6 Basil Wolverton (Gladstone Gallery, New York) Gladstone’s inspired alternative to the typical guest-curated summer group show was a survey of drawings by legendary underground comic-book artist Wolverton (1909–1978). Assembled by Cameron Jamie, himself no stranger to the subterranean, this was a timely, incisive homage to a hugely influential figure in comics and postwar American art alike. Jamie, for one, tenderly acknowledges him as “my Picasso”; Peter Saul, Mike Kelley, and Ed Ruscha, among many others, have also long acknowledged the impact of Mad magazine’s maddest visionary.

7 “Target Practice: Painting Under Attack 1949–78” (Seattle Art Museum) “Target Practice,” curated by Michael Darling, was an astute exhibition that considered a range of challenges to painting’s hallowed status in the postwar decades. As such, the galleries were filled with paintings and paintinglike objects that had been subjected (by Iain Baxter, Marcel Broodthaers, Lucio Fontana, Asger Jorn, Lee Lozano, and Niki de Saint Phalle, among others) to any number of indignities—tearing, burning, shooting, hammering, and other defacements and defilements—all reverberating with the social upheavals of the era in which they were carried out.

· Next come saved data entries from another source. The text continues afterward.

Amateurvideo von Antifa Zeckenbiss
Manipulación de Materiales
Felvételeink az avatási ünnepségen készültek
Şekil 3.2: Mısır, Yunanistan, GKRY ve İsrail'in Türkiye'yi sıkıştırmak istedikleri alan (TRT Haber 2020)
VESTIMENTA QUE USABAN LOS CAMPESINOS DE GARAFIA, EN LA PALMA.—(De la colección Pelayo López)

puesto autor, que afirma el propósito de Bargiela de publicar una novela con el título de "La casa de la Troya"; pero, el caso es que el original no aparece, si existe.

8 Cindy Sherman (Metro Pictures, New York) I first encountered Sherman’s work in 1982, when I came across an issue of ZG magazine with the artist posing as a young Marilyn Monroe on the cover. In the ensuing years, the experience of getting older in parallel with Sherman’s characters has been uncanny. In her latest works, among the best of a storied career, her subjects—here, subtly grotesque ladies of leisure—appear finally resigned to, if not exactly thrilled about, their encroaching mortality.

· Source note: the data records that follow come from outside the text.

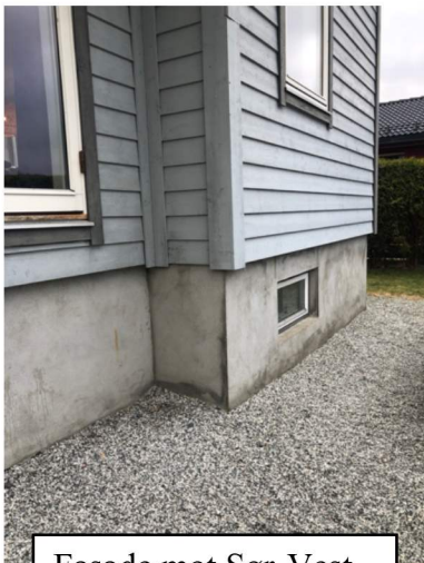
Fasade mot Sør-Vest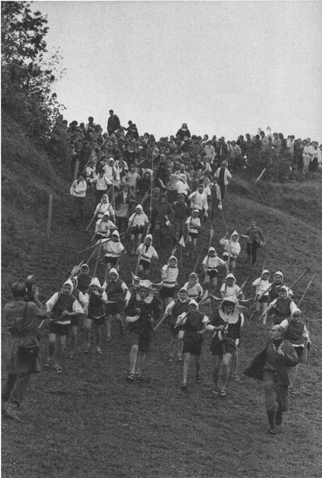
Abb. 4: Jugendlandsgemeinde, 21. Oktober 1965.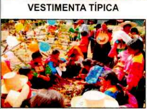
PARADA DE LA YUNZA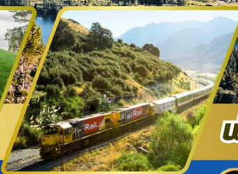
นั่งรถไฟทรานซ์ อัลไพน์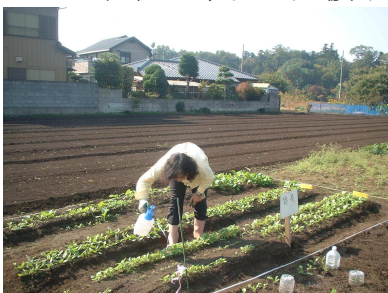
作物の消毒をする受講生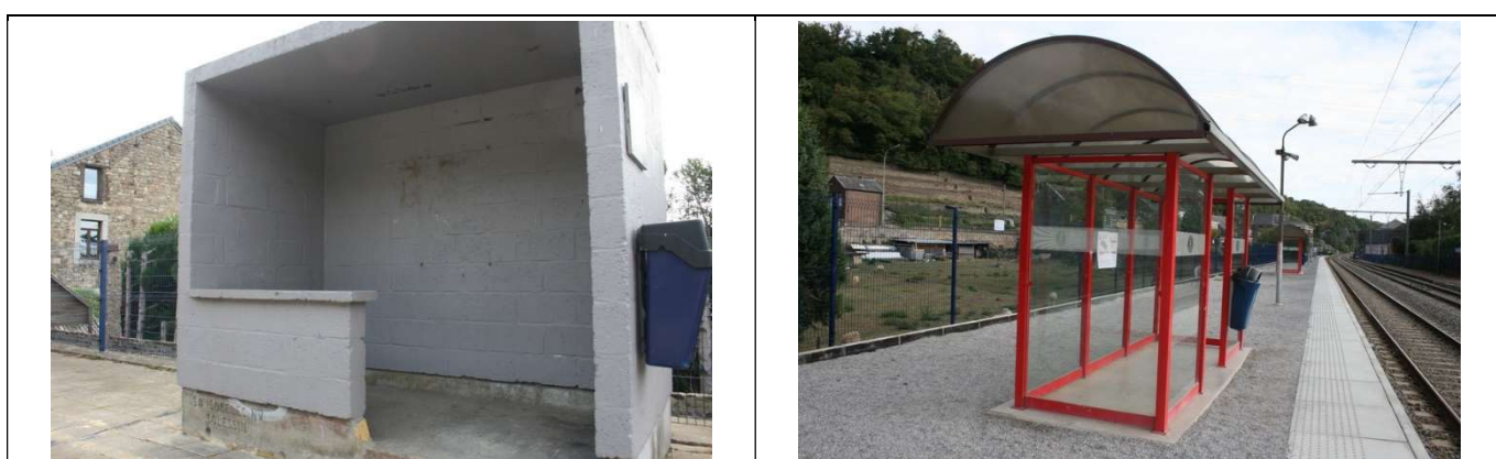
Abris sur les quais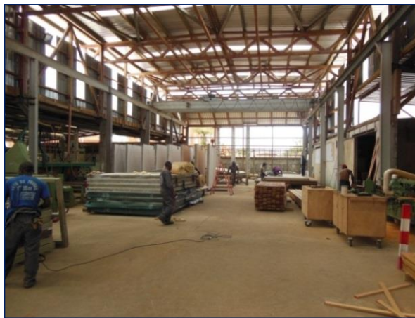
Halle de production avec pont roulant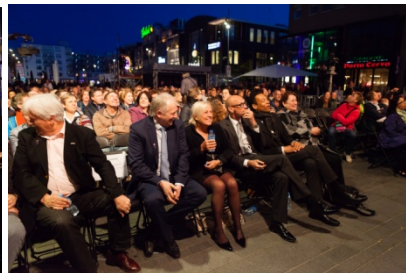
Een volle Grote Markt... De brug van herdenken naar vieren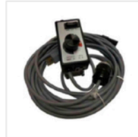
Nilfisk GM80 Variable Speed Control M90029 $506.08

हालांकि यह उदाहरण महंगा है, आप स्थानीय रूप से ऐसा ही समान काम करने वाला उत्पाद पा सकते हैं। अपना चेहरा ढंकना और दस्ताने पहनना सुनिश्चित करें! नली की नोक पर एक कपड़ा लपेटने से खजाने को निर्वात में खींचने से रोका जा सकता है!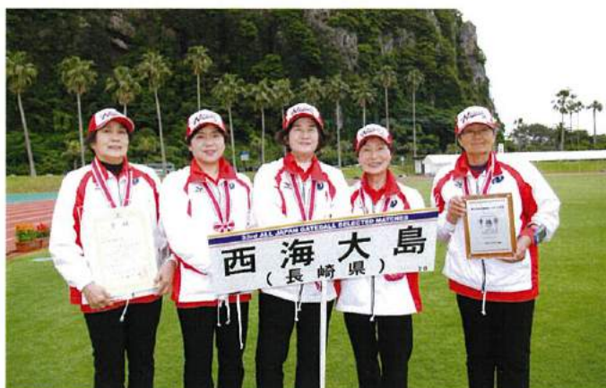
準優勝：西海大島（長崎県）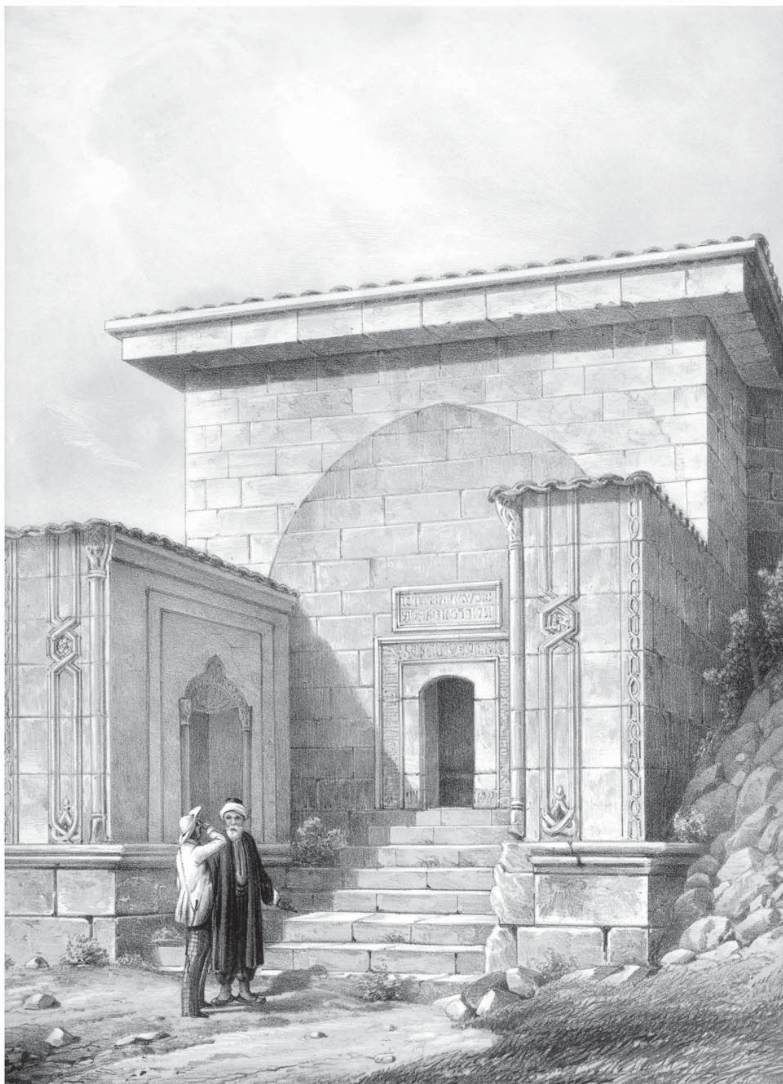
Рис. 2. Чуфут-кале. Мавзолей Джанике-ханым. Из неизданного альбома А.С. Уварова. 1848.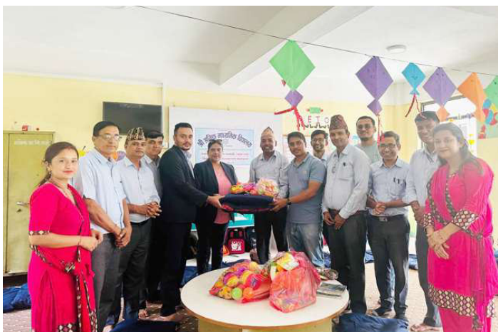
सहयोग सामग्री हस्तान्तरण गरिँदै।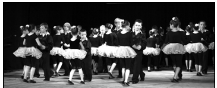
Na scenie zespół Blues.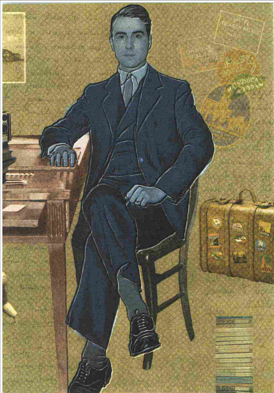
ILLUSTRAZIONE DI STEFANO SANI SCARPONI

sufficiente gettare uno sguardo tra le fenditure delle persiane per vedere che avevo ai miei piedi l'intera città». La vista delle circostanti colline «simili a spalle di gigante sotto il cielo azzurro» lo empiva di «una emozione straordinaria che lo faceva delirare», facendolo piombare «in uno stato prossimo alla follia». Il tempo passato a Genova segnò per lui l'inizio di una strana ebrietà, che doveva accompagnarlo per tutta la giovinezza. Per strada, con intimi ardori, scrutava sconosciuti coetanei. Nella sua mente si trasfiguravano in sensuali e conturbanti principi italiani del Rinascimento. Scriveva racconti ambientati a Genova. Uno dei suoi eroi, un giorno di bufera, si gettava dal terrazzo della casa di via della Crocetta e cadeva tra le tombe di Staglieno.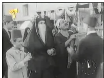
obr. 29 - Amīna na ulici

Do kategorie make-upu spadají i masky a další efekty vytvářené podobným způsobem, zde se to týká zejména krvavých skvrn na obětech potlačených demonstrací, včetně pro film nejpodstatnější krve na Fahmího čele.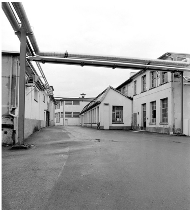
Atelier de fabrication (amiantes, ambérites).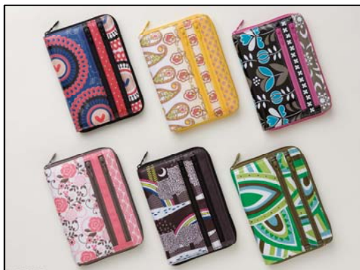
カラフル&レトロな6デザイン

ダイアリーは月間ブロックと週間水平の2種類を収録し、スケジュールもたっぷり書き込めます。週間スケジュールページは、右側に可愛いピンクのセクション罫メモページを収録しました。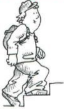
Otto geht rauf. (herauf/hinauf)

9 Marc Camille Chaimowicz (Artists Space, New York) A revisitation of a work originally staged in London in 1972, the same year Artists Space opened its doors, Chaimowicz’s Enough Tiranny Recalled, 1972–2009 was an immersive installation that inaugurated the program of the venerable NYC nonprofit’s incoming director, Stefan Kalmár. Chaimowicz’s Proustian entanglement with his own legacy set up a conversation between the work’s past, present, and potential future(s): a pertinent dialogue for this alternative space at the threshold of a new chapter in its history.

10 “In & Out of Amsterdam: Travels in Conceptual Art, 1960–1976” (Museum of Modern Art, New York) Focusing on a group of artists associated with legendary Amsterdam publication and gallery Art & Project, this exhibition, organized by Christophe Cherix, was a refreshingly unorthodox account of Conceptual art. Among the highlights was a substantial selection of works by the Los Angeles triumvirate Bas Jan Ader, Ger van Elk, and Allen Ruppersberg, as well as what is now my favorite five-second-long film: Jan Dibbets’s deceptively slight Louverdrape (Vertical Blinds), 1971, a 16-mm loop showing a single 360-degree rotation of vertical window blinds that provides the viewer with the most fleeting glimpse of the world outside.

Matthew Higgs, a regular contributor to Artforum is an artist and curator and the director of White Columns, New York's oldest alternative space, which will celebrate its fortieth anniversary in 2010. In 2009, he organized Lucas Samaras’s exhibition “Paraxena” for the Greek pavilion at the Venice Biennale.